蒸し暑い夜、迅は御園と別れ、姉・(かがみ)の待つ家に足を進めていた。

今日の夕飯は何かな〜?

なんて子供染みた事を考えながら、迅は家路を辿っていく。

殿町優斗が死んでから三日ほど経過し、学校のクラスもだんだんと調子を取り戻してきている。

近辺で異常患者(グローバー)の出現もなく、このまま何もなければと、心からそう思う迅。


「種原迅………」


が、そんなことを思ってしまう日ほど、何か良くないことが起きてしまうものだ。

迅は唐突に名を呼ぶ声を耳で捕らえ、辺りを見回す。だが、今、迅がいる周辺には街灯ひとつしかなく、ほとんどが暗闇に呑まれていてまったくモノの識別ができない。


「誰だ!!?」


背負ったケースを開け、中から〈デュランダル〉を取り出そうとしたその時、迅の頬を、何かが掠めた。


「……邪魔者は…消すのみ」


謎の敵は、いつの間にか目の前まで来ていた。迅に向けて伸ばされた手に握られているのは、真剣だった。その剣は、迅の頬に一筋の血の線を生み出している。

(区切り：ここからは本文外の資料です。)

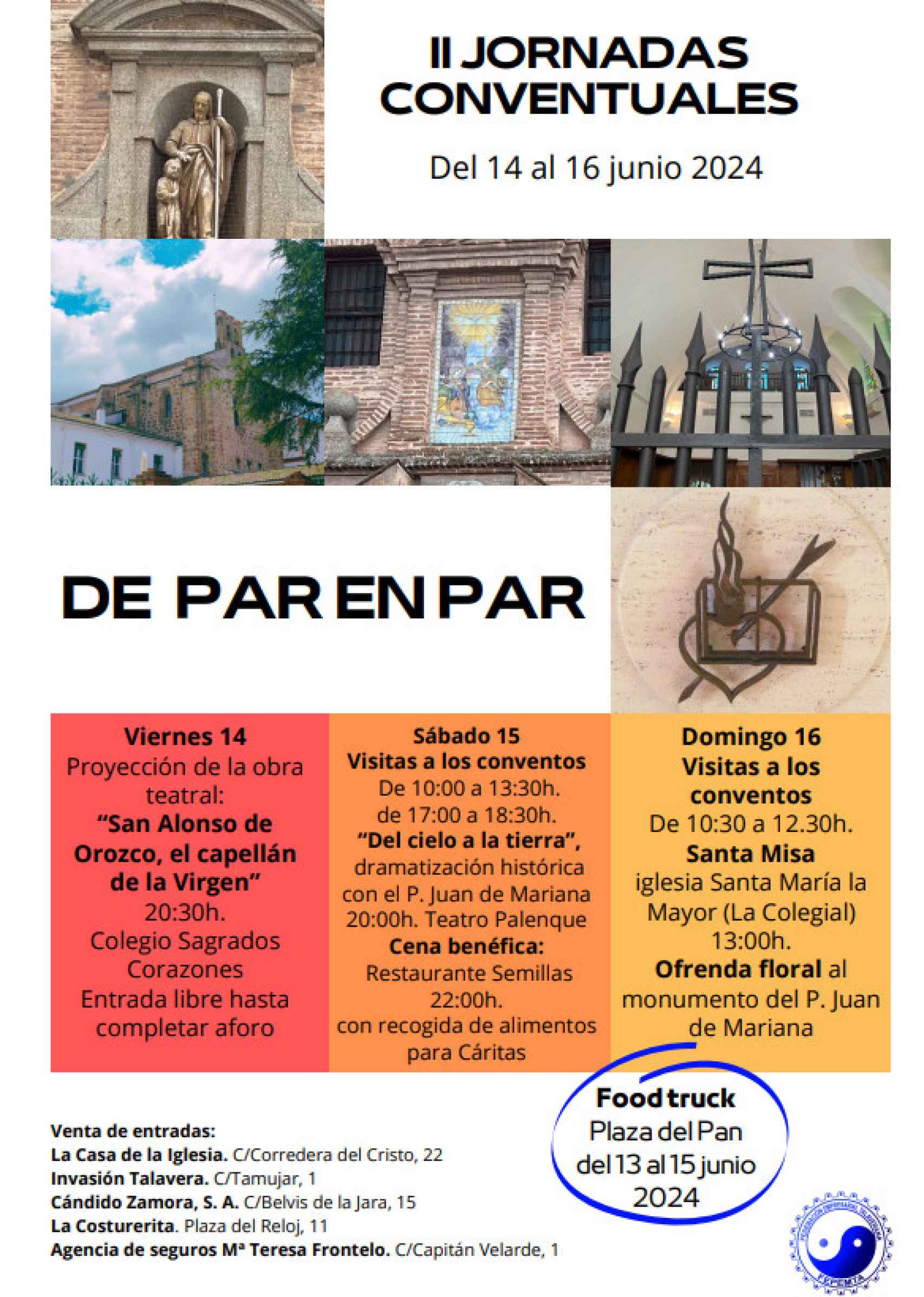 Las jornadas pivotarán en torno a dos importantes figuras de Talavera de la Reina, San Alonso de Orozco y Padre Juan de Mariana. Por ello, contarán con la proyección de la obra teatral 'San Alonso de Orozco, el capellán de la Virgen' (en el colegio Sagrados Corazones el viernes 14) y con la representación teatral 'Del cielo a la tierra', dramatización histórica con el Padre Juan de Mariana (en el Teatro Palenque el sábado 15).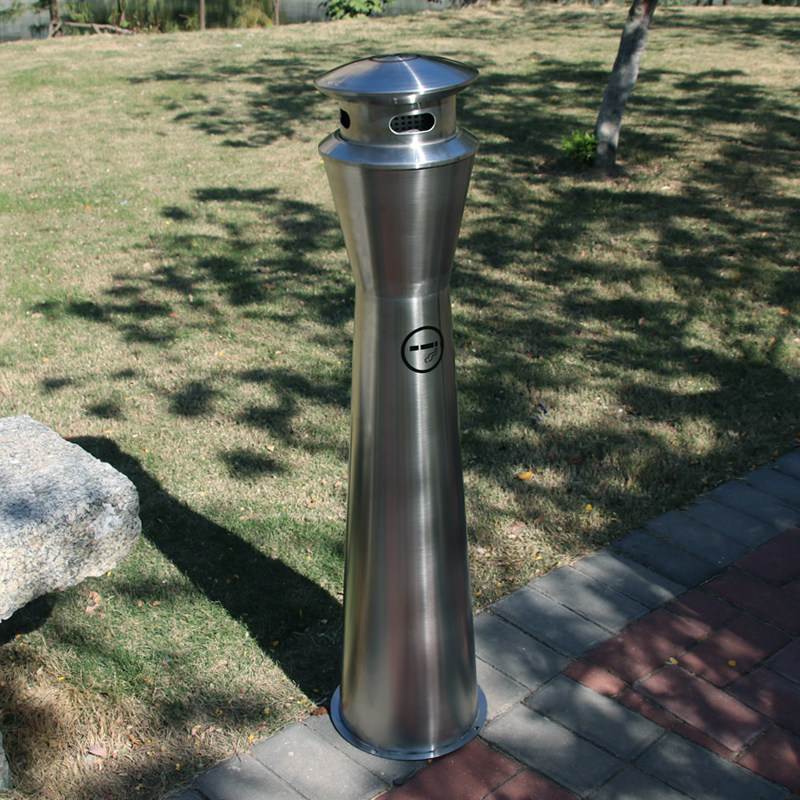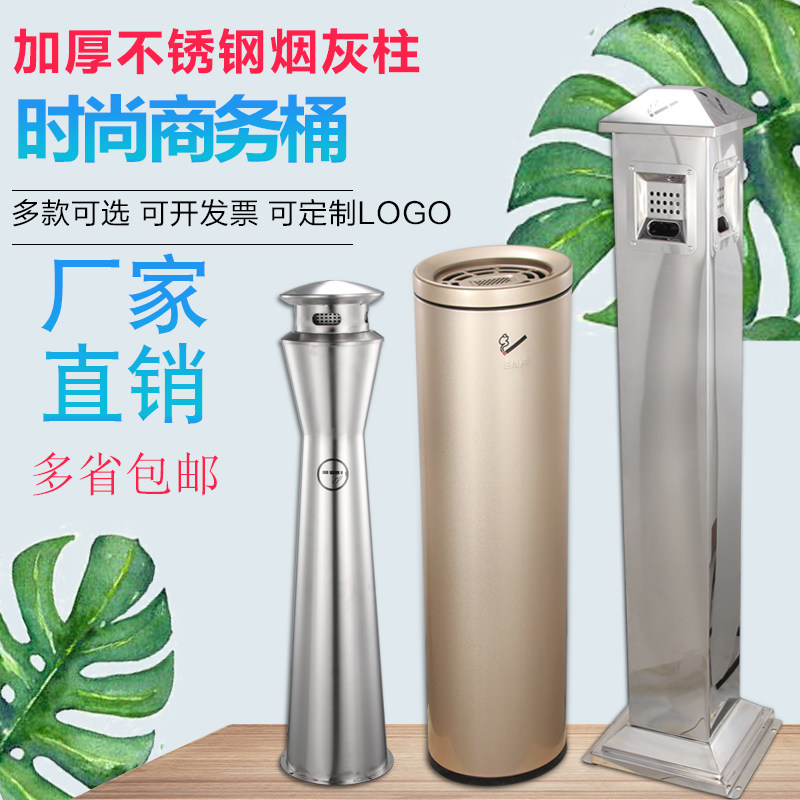 Hotel lobby vertical stainless steel cigarette butt column ash smoking area with ashtray to extinguish the cigarette butt tube outdoor garbage cup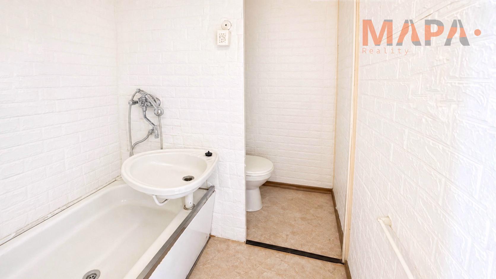Součástí tohoto bytu po částečné rekonstrukci je koupelna s vanou, WC a kuchyňská linka.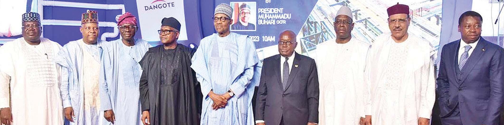 Governor, Babajide Sanwo-Olu; President/Chief Executive, Dangote Industries Limited, Aliko Dangote; President Muhammadu Buhari; President of Ghana, Nana Addo Akufo-Addo; President of Senegal, Mackey Sall; President of Niger, Mohamed Bazoum; and President of Togo, Faure Gnassingbe, during the formal inauguration of the multi billion dollar Dangote Petroleum Refinery and Petrochemicals FZE, in Ibeju-Lekki, Lagos ...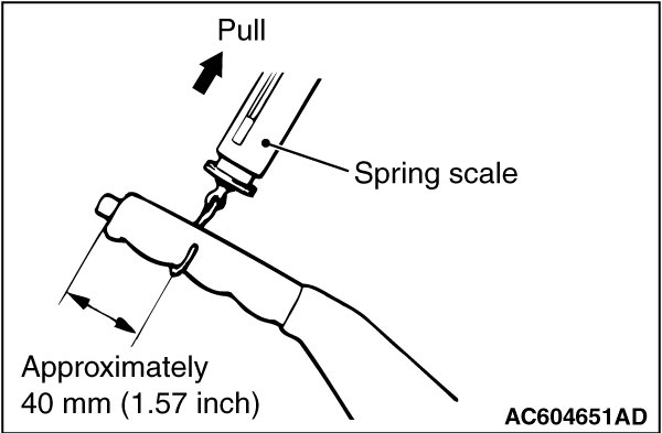 2. Set a spring scale to the center of the parking brake lever grip. Then, pull the parking brake lever to the vertical direction of the lever with a force of approximately 100 N (22 pounds).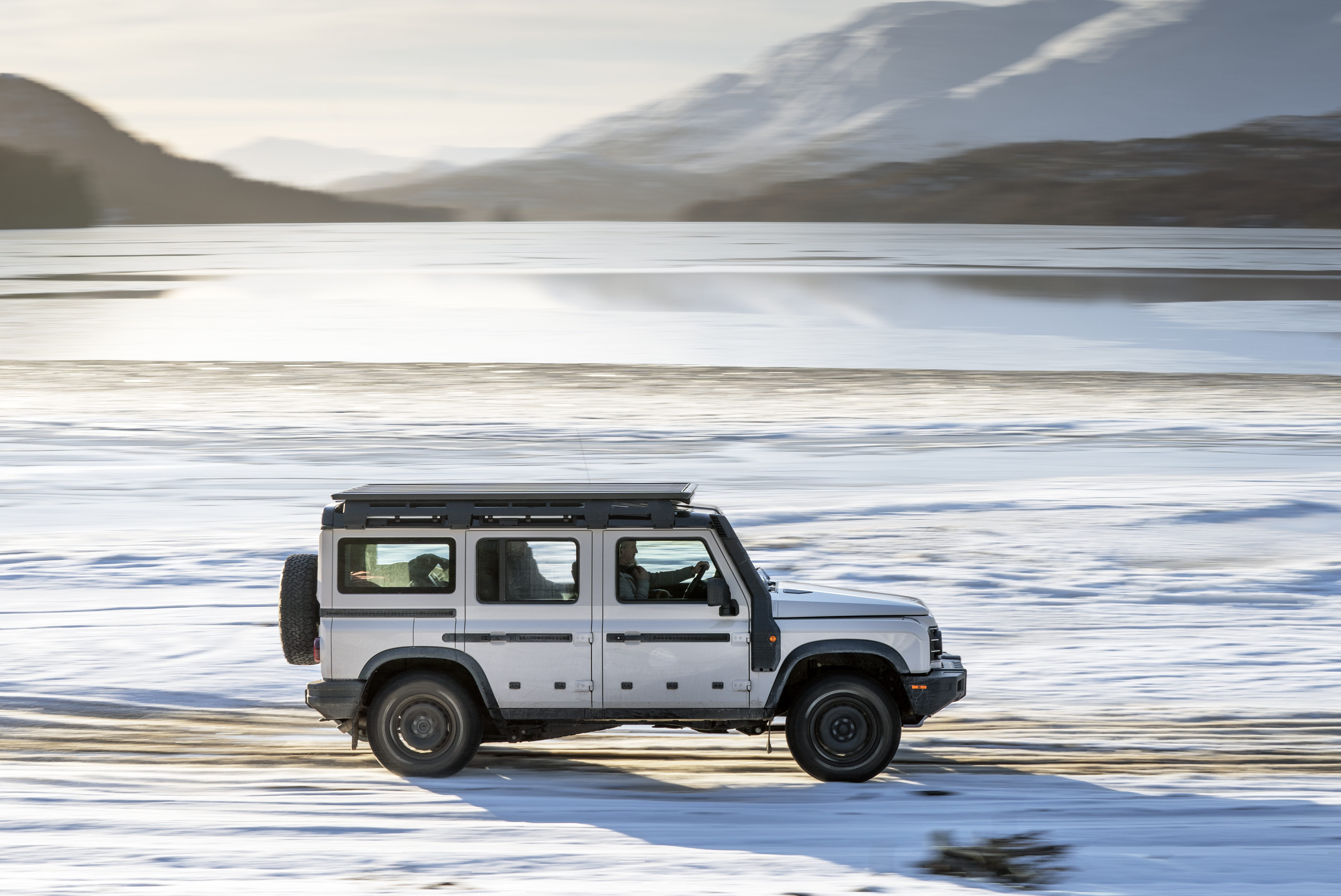 グレナディアの発表イベントは、スコットランド最北端のメイ城から、プロジェクト発案の地であるロンドンのパブまで、リレー形式で走破するというものだった。私はインヴァネスからグラスゴーまで、厳寒の中を走る第二区間に参加した。そしてこのクルマが雪や氷の過酷な環境をものともしないことを実感した。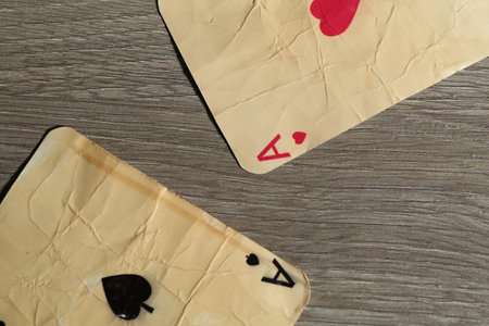 Playing cards close up, isolated on wooden table. Casino concept, risk, chance, good luck or gambling.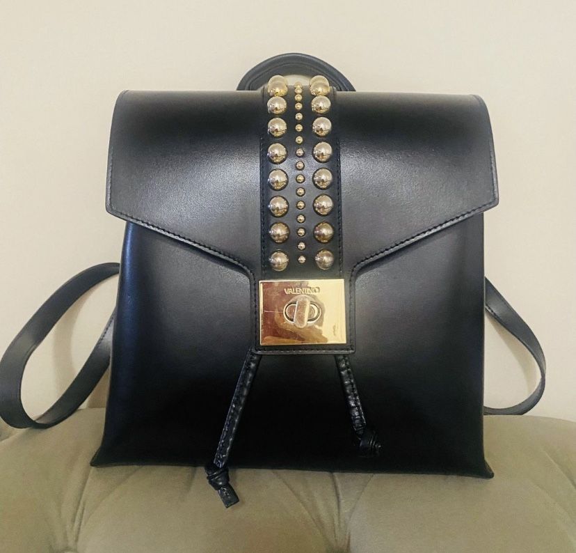 Is like new,used twice.A little scratch on the back under the handle see pic 4.Adjustable straps.1 zip pocket. Has some spots in the front but they are not noticeable maybe they can be removed.Some scratches on the Gold closure plaque in the front.Come with the dust bag.Please if you have any questions let me know.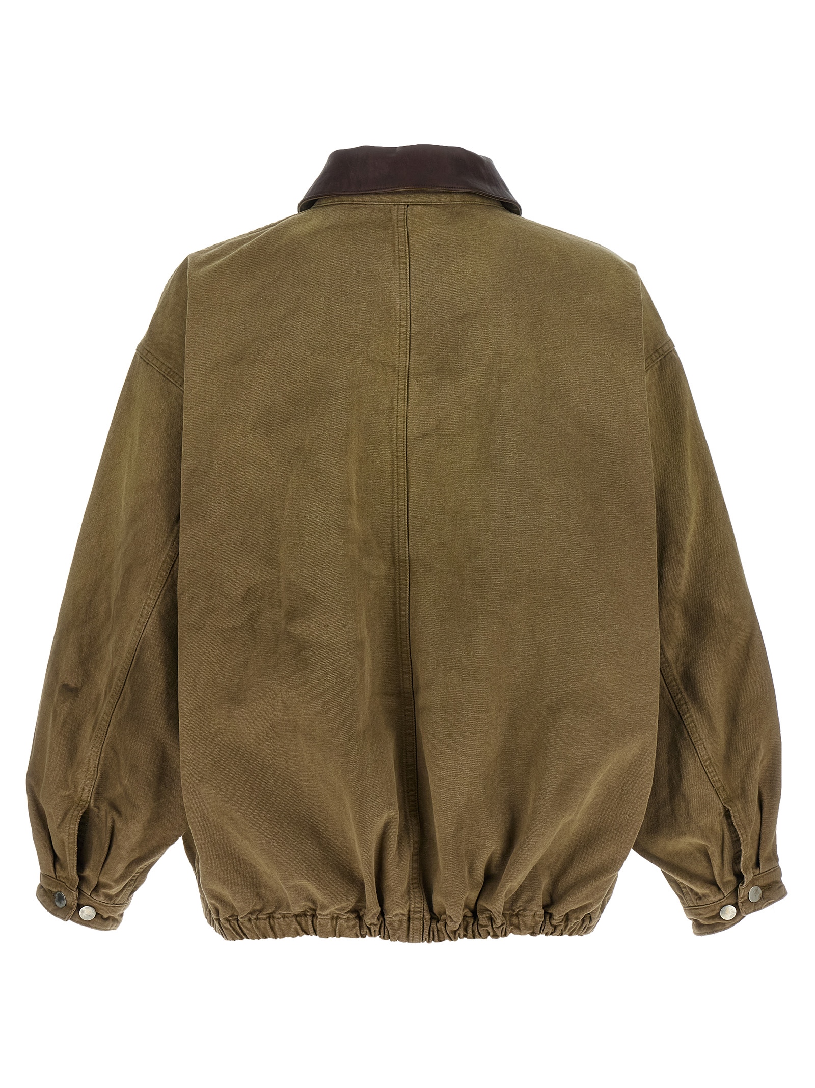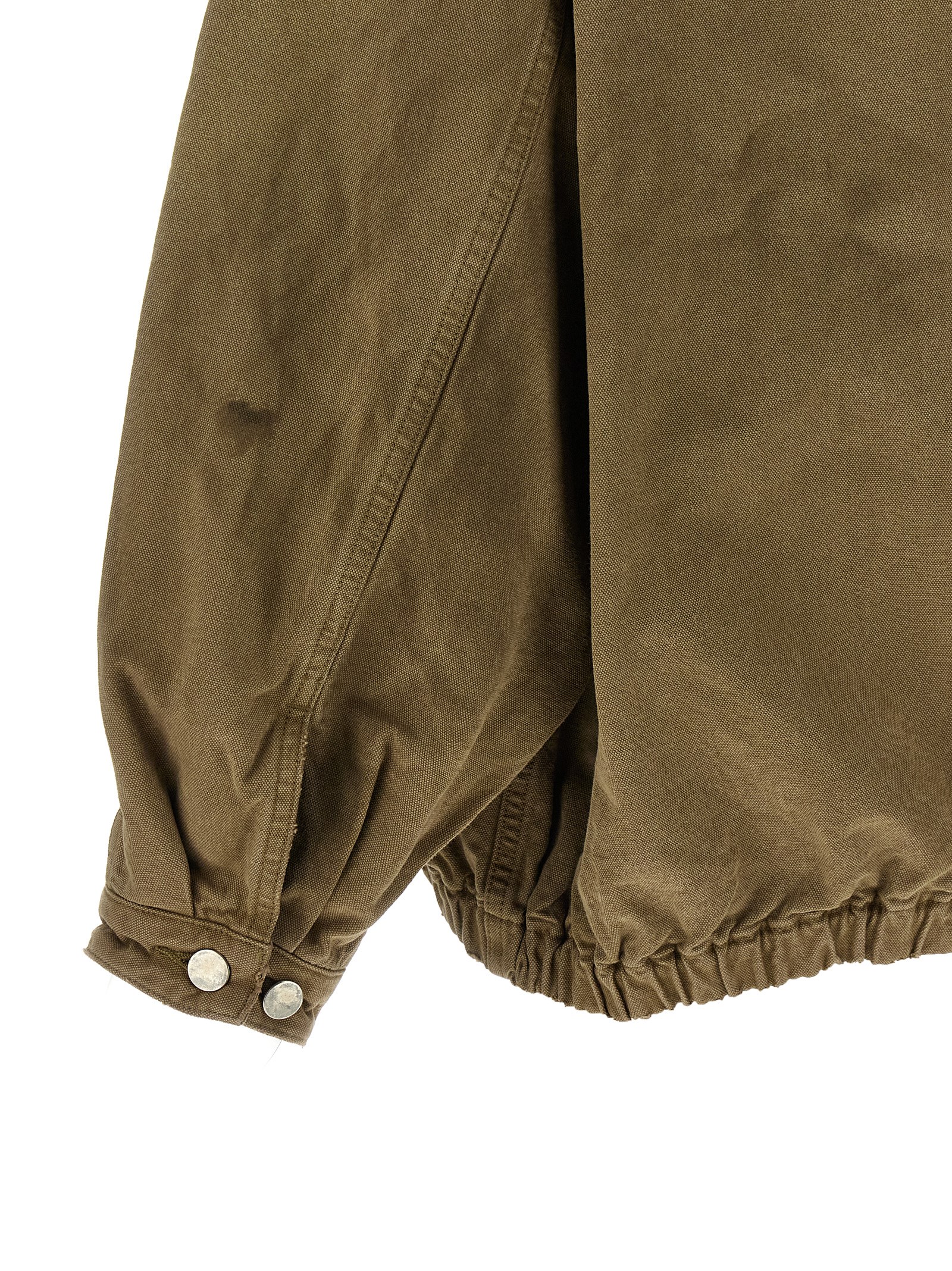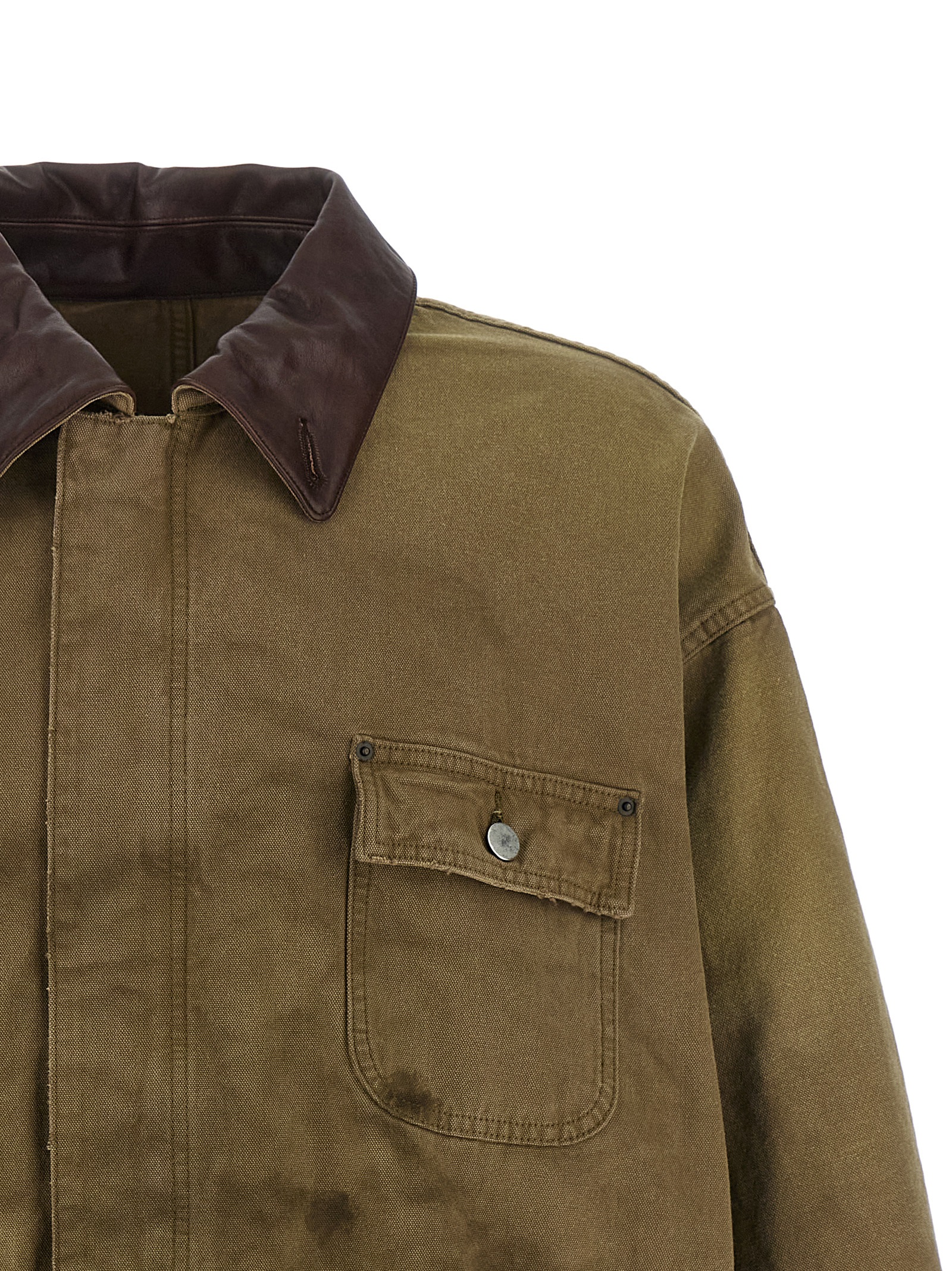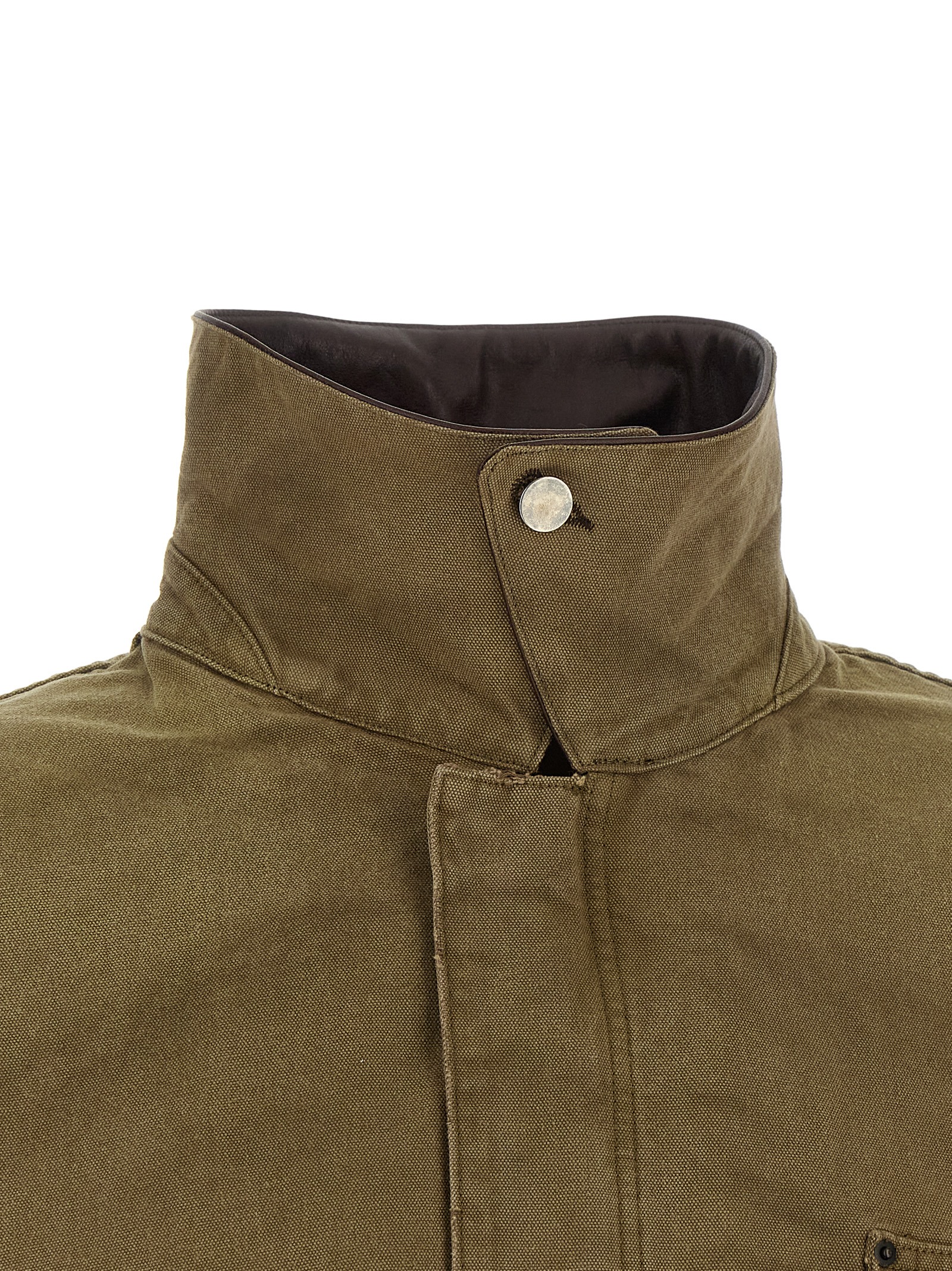 Куртка из оксфордского хлопка, окрашенная в готовом виде с использованием серной краски с эффектом «винтаж», рабочая модель, воротник из контрастной состаренной кожи, застежка на молнию и кнопки спереди, карманы, широкие длинные рукава с регулируемыми манжетами и приспущенными плечами, эластичный низ.Характеристики товара

だが、今の迅にとって頬の傷などどうでもよかった。今の迅が目を見開いて見ているのは、剣先を迅に向ける敵の顔だ。


白雪(しらゆき)………?」


確認の意を込めた迅の呼びかけには応じず、絵怜奈は無言で迅に剣を奮う。

迅は迫る刃を回避し、剣の(つか)を握る絵怜奈の手を抑える。

「やめろ絵怜奈!!こんなことしたら……」


間近で絵怜奈の顔を見た迅は、絵怜奈の目に覇気がないのに気付いた。

昼間は闘争心に満ちた目をしていたのに、昼夜が一転しただけで、精神状態まで反転してしまうのだろうか。

いや、そんなことはあり得ない。

殿町優斗の件で、絵怜奈は迅の事を敵視しているはず。その敵視している相手とやり合うなら、当然闘争心は必要だ。だが、今の絵怜奈には、それが見受けられない。


「まさか………」


迅の【超速演算(アクセルブレイン)】が、ある可能性を見出した。

迅は絵怜奈の攻撃をあしらいながら、周囲の気配に注意を向ける。そして数秒後、微かにだが、人影を確認した。数は二人。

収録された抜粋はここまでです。